Противник предпринял контрудар на шяуляйском направлении. По немецким танковым колоннам непрерывно наносили удары наши штурмовики и пикирующие бомбардировщики. Истребители прикрывали их, сами штурмовали аэродромы, живую силу и технику врага, вели воздушные бои.
19 августа 1944 года наш полк перебазировался на аэродром Средники. Нам поставили задачу — прикрывать действия 307-й и 308-й штурмовых авиационных дивизий, действовавших западнее Шяуляя, где два дня назад немецко-фашистские войска, прорвав нашу оборону, устремились к городу.
В этих кровопролитных оборонительных боях плечом к плечу с другими соединениями стояла насмерть и 16-я Литовская стрелковая дивизия под командованием генерал-майора В. А. Карвялиса. Воины дивизии проявили массовый героизм, отразили многочисленные атаки врага, с честью выполнили приказ командования фронтом — не допустить фашистов в город. Исключительно смело и мужественно вела себя в этих боях славная дочь литовского народа пулеметчица Дануте Стане-лене, ставшая впоследствии полным кавалером ордена Славы.

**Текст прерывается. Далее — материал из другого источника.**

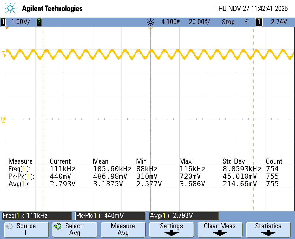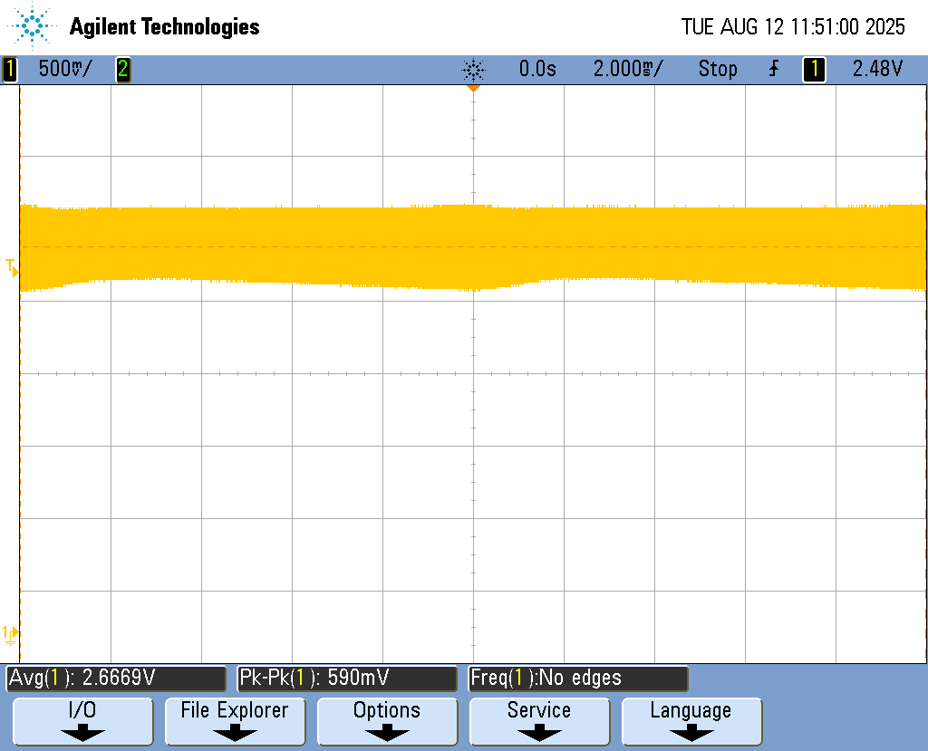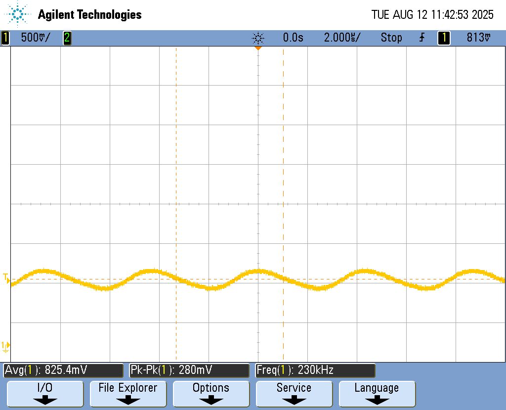 Zacnu tou aku dilenskou lampou Makita DML816. Ma 3 urovne jasu, na vsech je superponovane zvlneni na 230 kHz. Zkousel jsem ji s nabitym i skoro vybitym akumulatorem, ale vysledky byly stejne.

В районе действий наших штурмовиков и бомбардировщиков истребительная авиация противника проявляла большую активность. «Мессершмитты» и «фокке-вульфы» не давали «илам», «петляковым», «туполевым» возможности работать, стаями набрасывались на них, атаковали, сбивали, делали все для того, чтобы поддержать свои войска. На этот участок фронта, где немецкое командование добилось определенного успеха, были переброшены авиационные части и подразделения из других мест.

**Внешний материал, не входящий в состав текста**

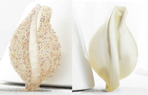 Megs and I recently gave you guys a rundown of the season’s best wedding bags, both traditional and quirky, but there’s one little clutch that we didn’t include because we couldn’t decide which category it would belong in. On the one hand, the Chanel Shell Minaudieres are everything you expect out of a traditional nuptial bag – small, luxurious, twinkling little things in shades of extremely pale ivory and blush. On the other hand, they’re giant molded sea shells, so “traditional” might be a bit of an overstatement. Unless you’re having a beach wedding, though; then these bags are perfect. If your wedding budget is completely open-ended, that is…

Мы знали о сложившейся обстановке из докладов командира полка, начальника штаба, замполита. Но когда поднялись в воздух, ощутили все это на себе. Ни один вылет на сопровождение не проходил без схваток с истребителями противника. Причем дрались не только над полем боя, но порой и сразу же после взлета.
Вечером 20 августа 1944 года, после ужина, командир собрал руководящий состав эскадрилий.

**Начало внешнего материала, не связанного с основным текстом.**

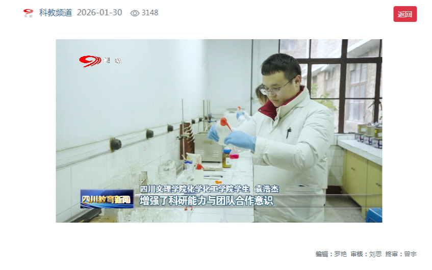 上一條:【新華網(wǎng)】四川文理學(xué)院化學(xué)化工學(xué)院:筑實(shí)多元平臺(tái)根基 精準(zhǔn)對(duì)接區(qū)域產(chǎn)業(yè)
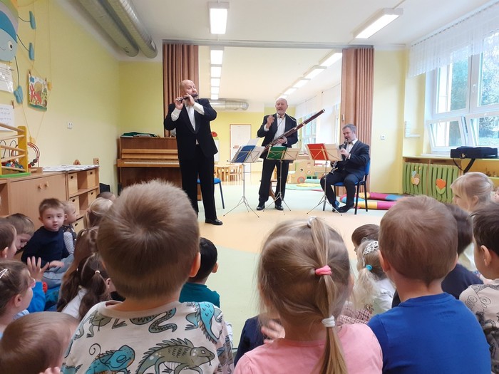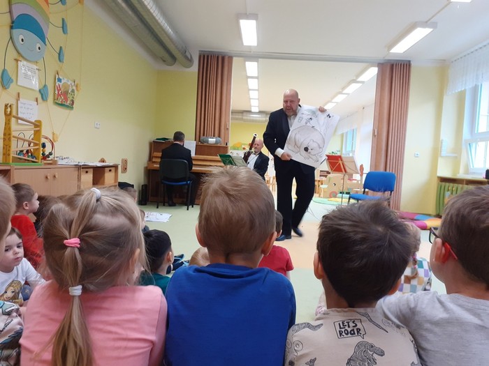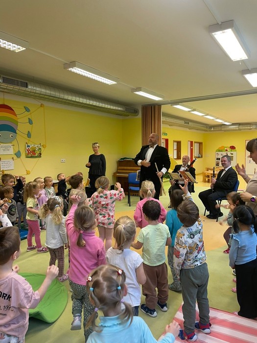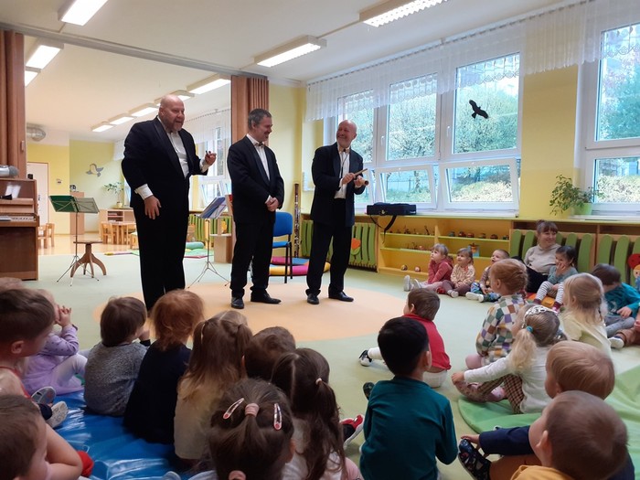 Koncertní mistři, hudební nástroje a pohádkové vyprávění statečném mravenečkovi plné hudby, zpívání, legrace i poučení. Dechové trio ACCORDO přineslo Broučkům, Zajíčkům a Medvíďatům nevšední zážitek. Těšíme se na další setkání :)

— Ваши впечатления от воздушных боев?
Мы вначале не поняли, чего от нас хочет комполка.
— Какие особенности вы заметили по сравнению с прошлыми боями? — уточнил он. Вот теперь все стало ясно, и мы наперебой начали высказывать свои «впечатления»: немцы обнаглели, их несметно много, дерутся отчаянно. Храбрее, что ли, стали?
— Не храбрее,— разъяснил командир,— деваться им некуда. За спиной — Германия. Отчаянность естественна — пан или пропал. Много — потому что советско-германский фронт сократился. А дальше их будет еще больше по той причине, что оборонять им придется всего один пятачок — Берлин.— Майор, довольный тем, что сумел так просто и доходчиво расставить все на свои места, заключил: — На сопровождение групп штурмовиков будем ходить целыми эскадрильями; боевой порядок — этажерка, двойное прикрытие. Кроме того, ведущие групп, да и все летчики должны лично познакомиться с командирами штурмовых эскадрилий, такая взаимосвязь необходима. Вот увидите, еще лучше будете драться.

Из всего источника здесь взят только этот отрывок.